JPS6230414B2 - - Google Patents

Description

DETAILED DESCRIPTION OF THE INVENTION The present invention relates to a method for making photothermographic emulsions.

Silver salts of fatty acids are used in the production of thermographic and photothermographic imaging materials. These salts are reduced to provide silver, the substance that forms the image in the material.

In producing photothermographic imaging materials, photosensitive silver halide salts have been combined with substantially non-photosensitive silver salts. Silver halide forms silver when exposed to light, and this silver catalyzes the reduction of silver salts. Generally, silver halide and silver salts of fatty acids are prepared by physically mixing the halide salt and the organic salt (for example, U.S. Pat. No. 3,152,904), or by adding pre-made silver halide to a precipitable solution of the organic silver salt. brought into catalytic proximity, such as by mixing (e.g., U.S. Pat. No. 3,839,049) and halogenating the dried or coated silver salts of fatty acids in situ (e.g., U.S. Pat. No. 3,457,075). Ta.

These various methods of making photothermographic materials all require the presence of the same materials in their structure and may use the same adducts to change their photosensitivity. The substance required in catalytic proximity to the silver salt of the organic fatty acid, in addition to the silver halide, is a reducing agent for silver ions. Organic reducing agents are useful, especially organic photographic developers such as hydroquinone, methyl gallate, catechol, phenylene diamine, para-aminophenol and phenidone. Most preferred are hindered phenol reducing agents. Additives that can be used in various photothermographic emulsions made by these methods include blue tinting agents (e.g., U.S. Pat. Nos. 3,392,020, 3,446,648 and 3,667,958
), sensitizers and sensitizing dyes (e.g., U.S. Patent No.
No. 3679422, No. 3666477, No. 3761279, and No.
3,719,495), color coupling agents (eg, US Pat. No. 3,531,286), decolorizing absorbers (eg, US Pat. No. 3,745,009), and mercury compounds (eg, US Pat. No. 3,589,903).

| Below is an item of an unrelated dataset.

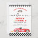 Este adorável convite apresenta um carro de corrida de cor vermelha com detalhes de chama.
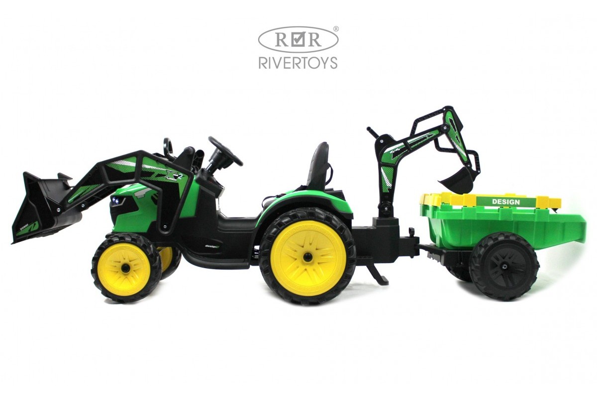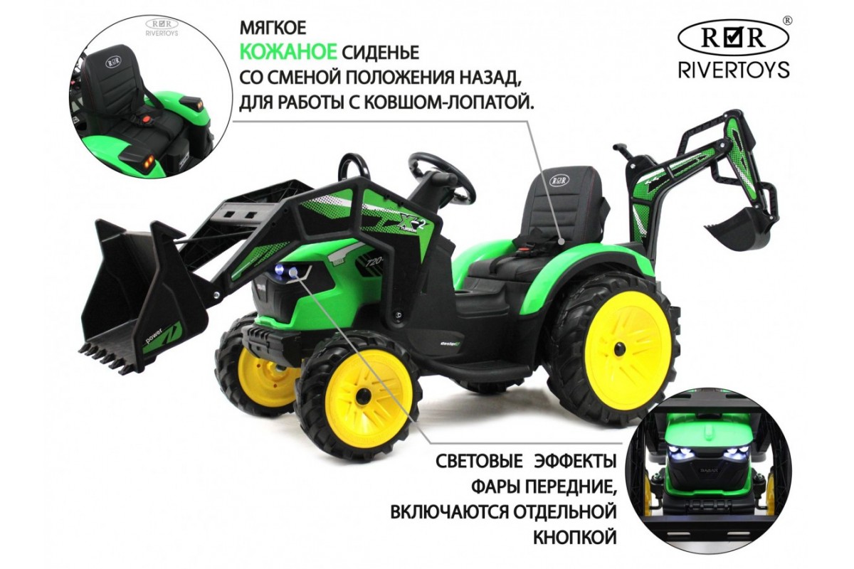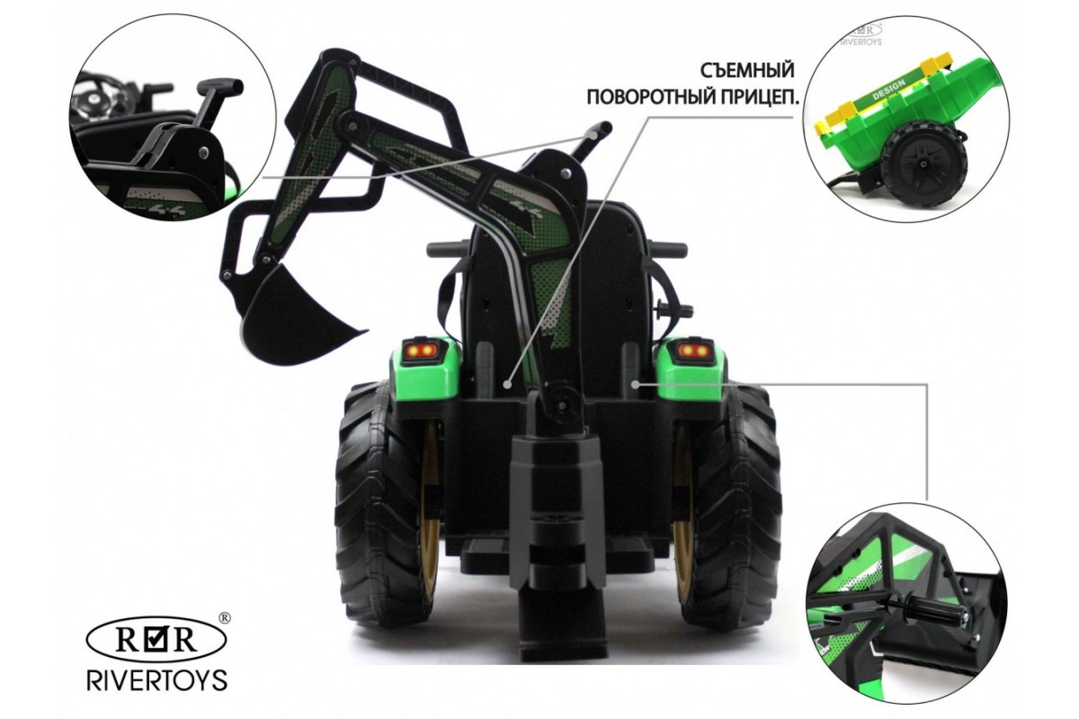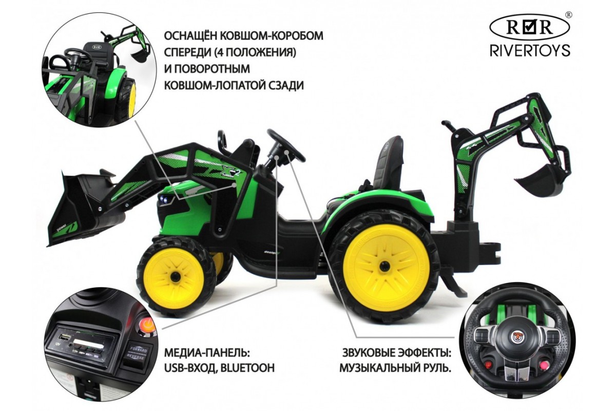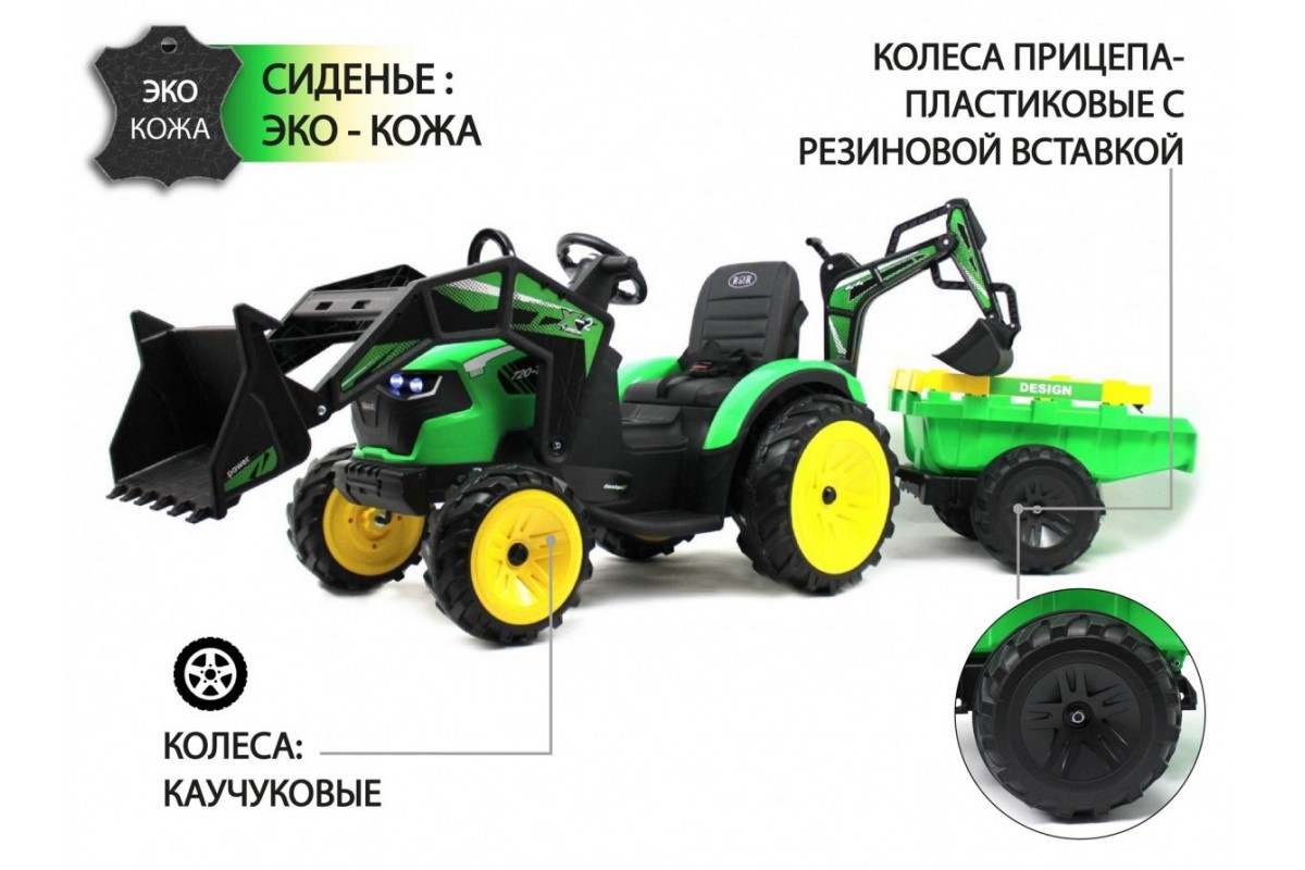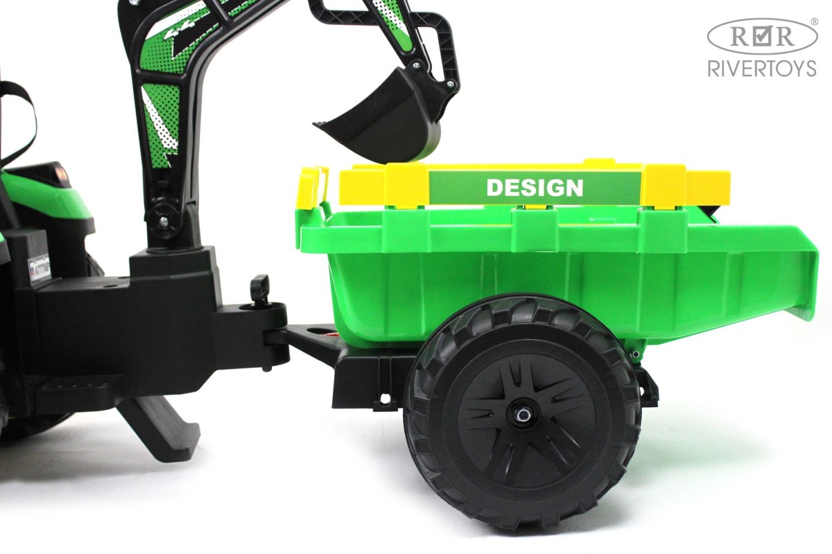 Оснащён ковшом-коробом спереди (4 положения) и поворотным ковшом-лопатой сзади (4 положения), а так же съемным поворотным прицепом.

The present invention relates to a new method for producing photothermographic sheets using preformed silver halide crystals.

The method described in U.S. Pat. No. 3,839,049 requires both an alkali-containing reducing environment (either ammonia or an alkali metal) and the formation of an ammonia or alkali salt of behenic acid before adding the photosensitive silver halide. It seems so. This is because it has been stated that behenic acid compositions with less than 35% of the acid present in salt form do not form stable colloidal dispersions. The present invention first uses behenic acid at least
Such a solution does not require conversion to a 35% salt solution, nor does it require the alkaline environment shown in the examples of U.S. Pat. No. 3,839,049 when using preformed silver halide. He discovered a way to make emulsions.

More specifically, the present invention provides a method for preparing a mixture of behenic acid and silver halide by forming a colloidal dispersion of molten behenic acid in water and then adding silver halide into the dispersion. This method was completed after discovering that a stable dispersion was formed. The mixture may include behenic acid with the acid converted to ammonia or an alkali metal salt, and then this salt is converted to silver behenate (part or half of the fatty acid metal salt converted to 50% silver behenate, or
(as a 100% converted complete fatty acid metal salt) to make a photosensitive photothermographic emulsion material. The dispersion may be cooled before converting the acid to the salt, but this is not preferred.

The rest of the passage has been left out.